Task objective. Any picture in the data below should be skipped, while every line is repeated exactly.
*** Data shown Section Begins ***
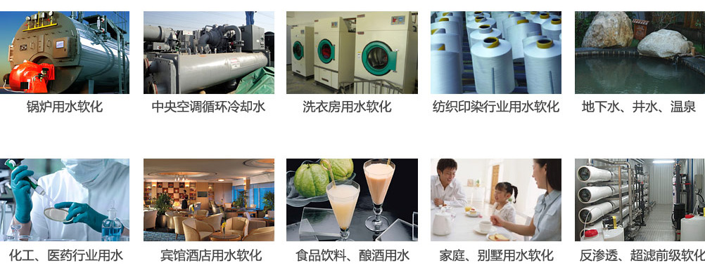 主要(yao)用于(yu)工業(ye)及民(min)用鍋(guo)爐(lu)軟化水設備,如(ru)鍋(guo)爐(lu)給水、空調(diao)系(xi)統補充(chong)水,換熱器、洗(xi)浴、制(zhi)衣廠、以(yi)及純凈水設備、反滲透設備系(xi)統的預處理等等。
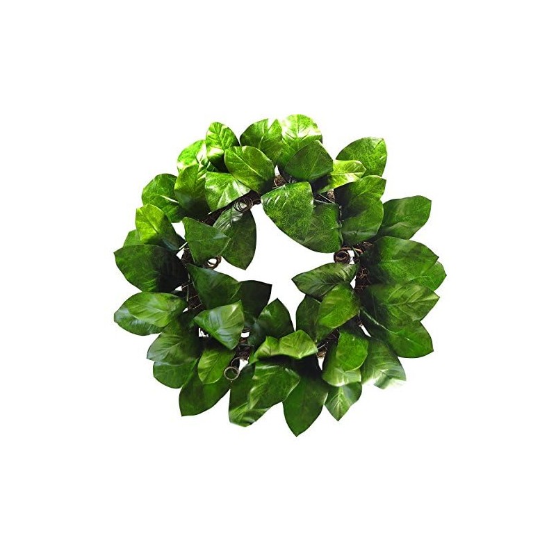 - The silk magnolia leaves wreath is expertly crafted to closely resemble real magnolia leaves, featuring rich green hues and lifelike textures. These artificial leaves are perfect for home decoration, as their soft and vivid imitation makes them look remarkably realistic, providing a fresh, natural appearance. Their high quality makes them popular for various home and wedding decor styles, particularly those with rustic or farmhouse themes.
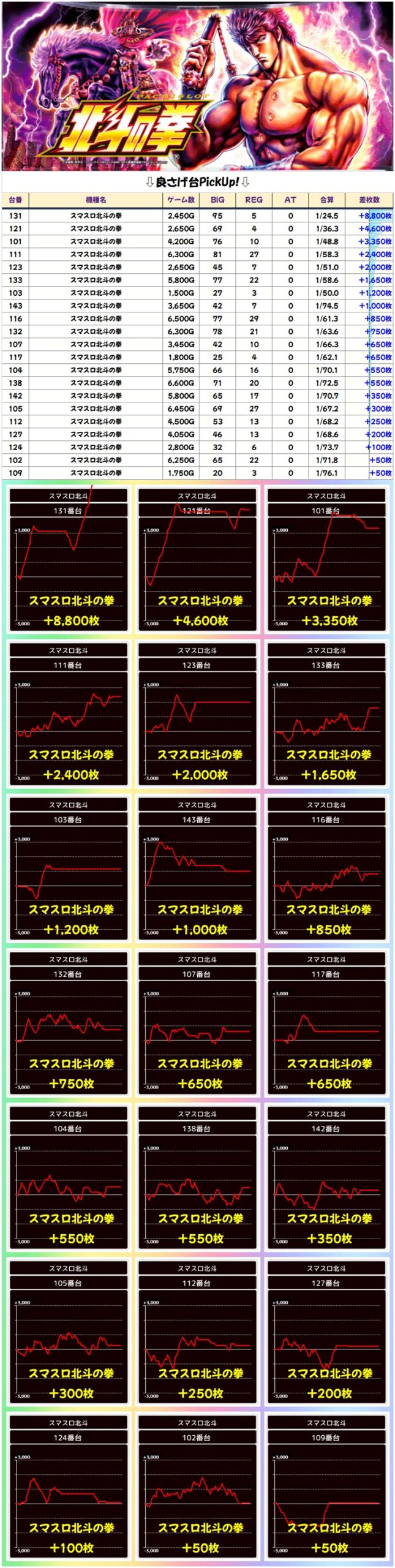 もちろん看板機種の北斗&カバネリからも優秀台を多数確認できました! これといった狙い台がない時は迷わずこの2機種狙いがオススメです。
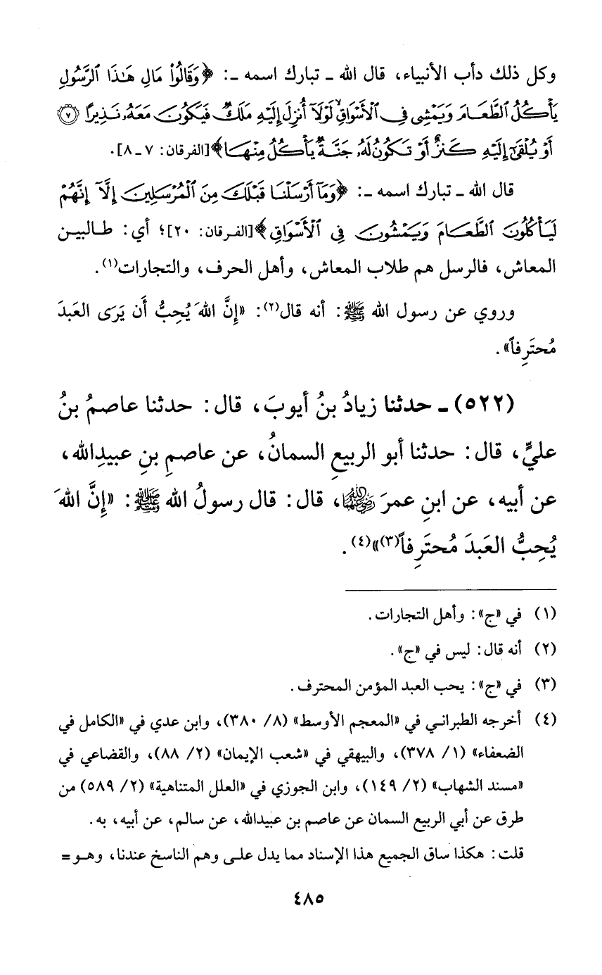 522 - حدثنا زياد بن أيوب، قال: حدثنا عاصم بن علي، قال: حدثنا أبو الربيع السمان، عن عاصم بن عبيد الله، عن أبيه، عن ابن عمر رضي الله عنهما، قال: قال رسول الله صلى الله عليه وسلم: ((إن الله يحب العبد محترفاً)).
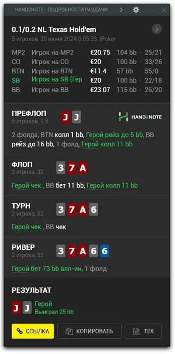 Ты доставляешь в банк 200бб 63бб, 63/200=31,5% эквити тебе нужно на колл, даже у тебя на скрине тут больше, после ставки в такой ситуации вариков на отскок просто нет.
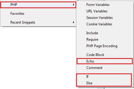 تم حذف الخيارات If، وElse، وEcho في القائمة Insert ولوحة Insert الخاصة بملف PHP
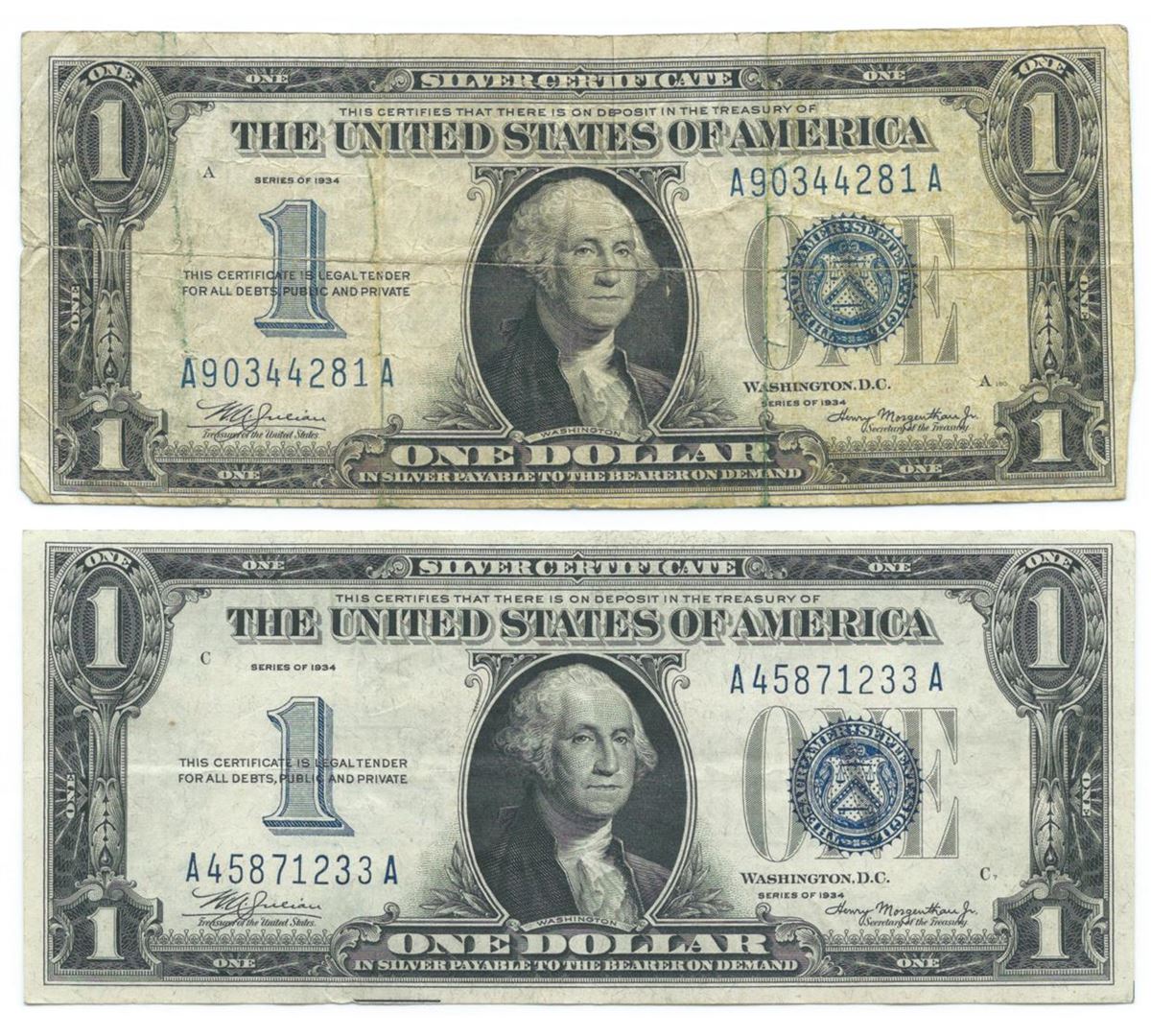 One 1934 $1 Silver Certificate Currency Lot of 2.
*** Data shown Section Ends ***
Output for this task.
 主要(yao)用于(yu)工業(ye)及民(min)用鍋(guo)爐(lu)軟化水設備,如(ru)鍋(guo)爐(lu)給水、空調(diao)系(xi)統補充(chong)水,換熱器、洗(xi)浴、制(zhi)衣廠、以(yi)及純凈水設備、反滲透設備系(xi)統的預處理等等。
 - The silk magnolia leaves wreath is expertly crafted to closely resemble real magnolia leaves, featuring rich green hues and lifelike textures. These artificial leaves are perfect for home decoration, as their soft and vivid imitation makes them look remarkably realistic, providing a fresh, natural appearance. Their high quality makes them popular for various home and wedding decor styles, particularly those with rustic or farmhouse themes.
 もちろん看板機種の北斗&カバネリからも優秀台を多数確認できました! これといった狙い台がない時は迷わずこの2機種狙いがオススメです。
 522 - حدثنا زياد بن أيوب، قال: حدثنا عاصم بن علي، قال: حدثنا أبو الربيع السمان، عن عاصم بن عبيد الله، عن أبيه، عن ابن عمر رضي الله عنهما، قال: قال رسول الله صلى الله عليه وسلم: ((إن الله يحب العبد محترفاً)).
 Ты доставляешь в банк 200бб 63бб, 63/200=31,5% эквити тебе нужно на колл, даже у тебя на скрине тут больше, после ставки в такой ситуации вариков на отскок просто нет.
 تم حذف الخيارات If، وElse، وEcho في القائمة Insert ولوحة Insert الخاصة بملف PHP
 One 1934 $1 Silver Certificate Currency Lot of 2.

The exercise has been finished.